Applied Microeconomics

The Applied Microeconomics research group unites researchers working on a broad array of topics within such areas as labour economics, economics of education, health economics, family economics, urban economics, environmental economics, and the economics of science and innovation. The group operates in close collaboration with the CAGE Research Centre.

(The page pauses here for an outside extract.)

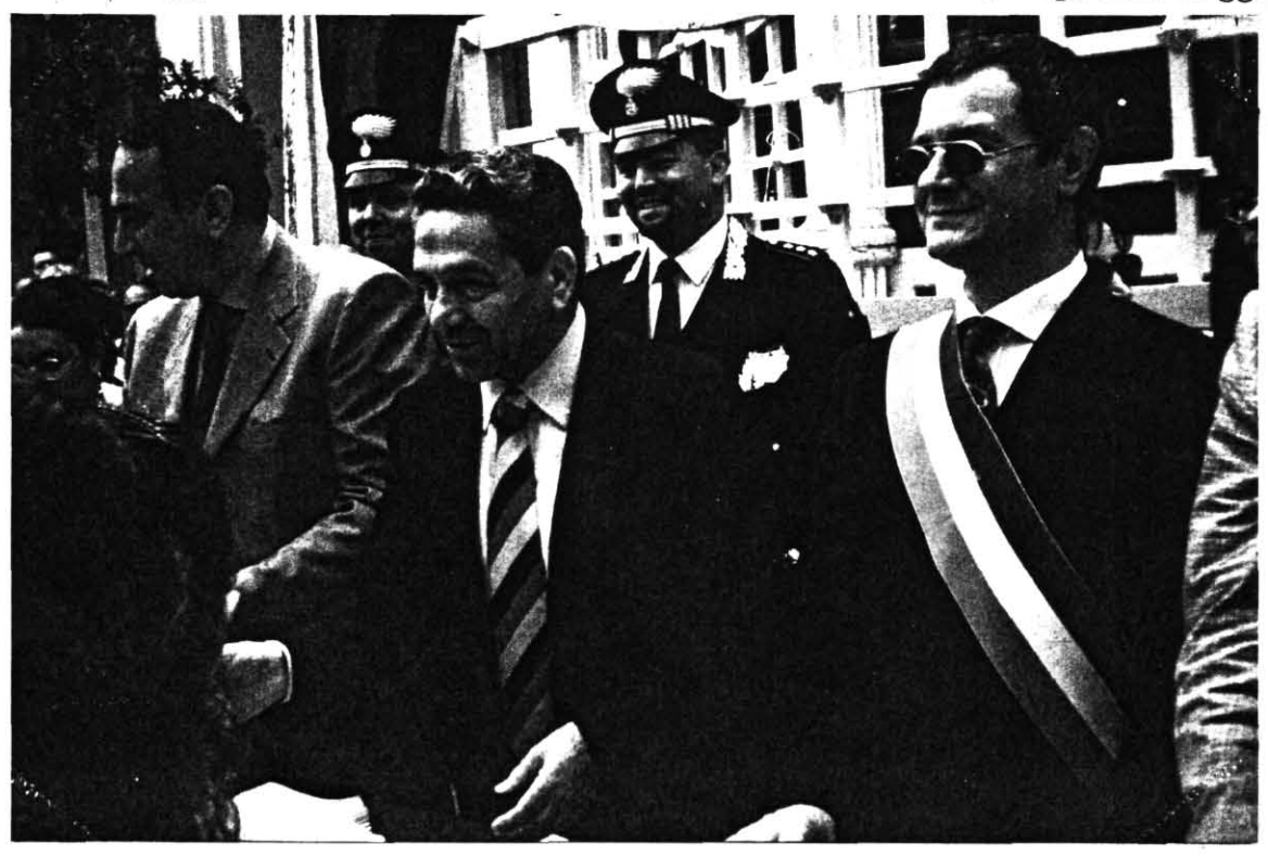
Nella Foto : il Prefetto Benedetto Fusco tra il Questore di Foggia ed il Sindaco di Torremaggiore e davanti al Maresciallo Filardo ed al Capitano Maggi.

Al garabato Servando Carulli con i migliori auguri e salute - Benedetto Fusco Torremaggiore 8-6-98.

The group participates in the CAGE seminar on Applied Economics, which runs weekly on Tuesdays at 2:15pm. Students and faculty members of the group present their ongoing work in two brown bag seminars, held weekly on Tuesdays and Wednesdays at 1pm. Students, in collaboration with faculty members, also organise a bi-weekly reading group in applied econometrics on Thursdays at 1pm. The group organises numerous events throughout the year, including the Research Away Day and several thematic workshops.

Our activities

Work in Progress seminars

Tuesdays and Wednesdays 1-2pm

Students and faculty members of the group present their work in progress in two brown bag seminars. See below for a detailed scheduled of speakers.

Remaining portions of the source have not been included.